Abstract
Contrastive learning is a powerful technique for learning feature representations without manual annotation. The K-nearest neighbor (KNN) method is commonly used to construct positive sample pairs to calculate the contrastive loss. However, it is challenging to distinguish positive sample pairs, reducing clustering performance. We propose a novel
Keywords
Introduction
Image clustering is an unsupervised learning method that groups images into different clusters based on a predefined similarity measure without manual annotation. The goal is to maximize the similarity between samples in a cluster and the difference between samples in different semantic clusters [1, 2]. The representation capability of an unsupervised deep learning model is crucial for image clustering tasks. The quality of the learned representations directly affects the clustering performance.

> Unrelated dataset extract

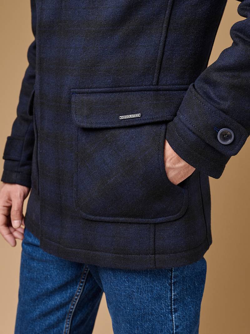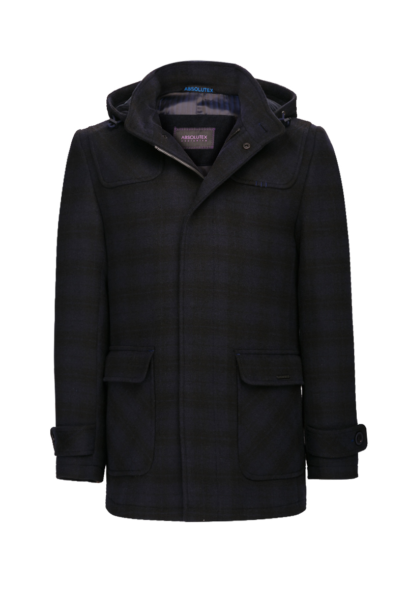 Пальто-парка с капюшоном из ткани "клетка", кокетками и накладными карманами, застежка на молнию и потайные кнопки. Отделочные строчки, пуговицы, закрепки контрастные. ABSOLUTEX. Длина изделия по спинке для размера 50/176 - 81см

Self-supervised learning (SSL) has shown significant performance improvements for predictive coding [3], multi-task learning [4], contrastive learning [5], and other tasks in related fields [6]. The goal of SSL is to train a model for learning useful representations by leveraging self-supervision tasks. These learned representations can be used for downstream tasks, such as classification and object detection. Pseudo-labels are a useful tool but not a necessary component of the SSL framework. Contrastive learning-based deep clustering models utilize positive and negative sample pairs to minimize the normalized temperature-scaled cross-entropy loss function (NT-Xent) [7]. These approaches have generated discriminative and general features in the latent space, resulting in higher clustering performance.

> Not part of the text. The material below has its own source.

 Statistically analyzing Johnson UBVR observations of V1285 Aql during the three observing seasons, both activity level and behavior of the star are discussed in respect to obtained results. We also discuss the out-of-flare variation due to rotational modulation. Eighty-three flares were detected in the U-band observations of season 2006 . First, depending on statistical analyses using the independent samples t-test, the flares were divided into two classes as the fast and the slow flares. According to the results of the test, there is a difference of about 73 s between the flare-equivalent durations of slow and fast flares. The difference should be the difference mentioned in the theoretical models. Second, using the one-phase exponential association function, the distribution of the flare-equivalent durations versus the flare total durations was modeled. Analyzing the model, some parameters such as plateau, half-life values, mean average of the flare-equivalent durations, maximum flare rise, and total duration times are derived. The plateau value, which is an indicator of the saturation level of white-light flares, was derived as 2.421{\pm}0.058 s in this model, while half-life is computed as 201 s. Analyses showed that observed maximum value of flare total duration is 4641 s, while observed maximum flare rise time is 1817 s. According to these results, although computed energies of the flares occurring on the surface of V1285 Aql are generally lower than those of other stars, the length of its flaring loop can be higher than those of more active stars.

Information on the neighborhood, i.e., spatial information surrounding the pixel of interest, guides the learning tasks. In the Semantic Clustering by Adopting Nearest Neighbors (SCAN) method [8], high-level semantic features are obtained by accurately matching nearest neighbors. The clustering loss is obtained by maximizing the similarity between a sample and the k-nearest neighbors. In graph contrastive clustering (GCC) [9], the number of positive sample pairs in the sample’s nearest neighbors is maximized to improve the clustering performance.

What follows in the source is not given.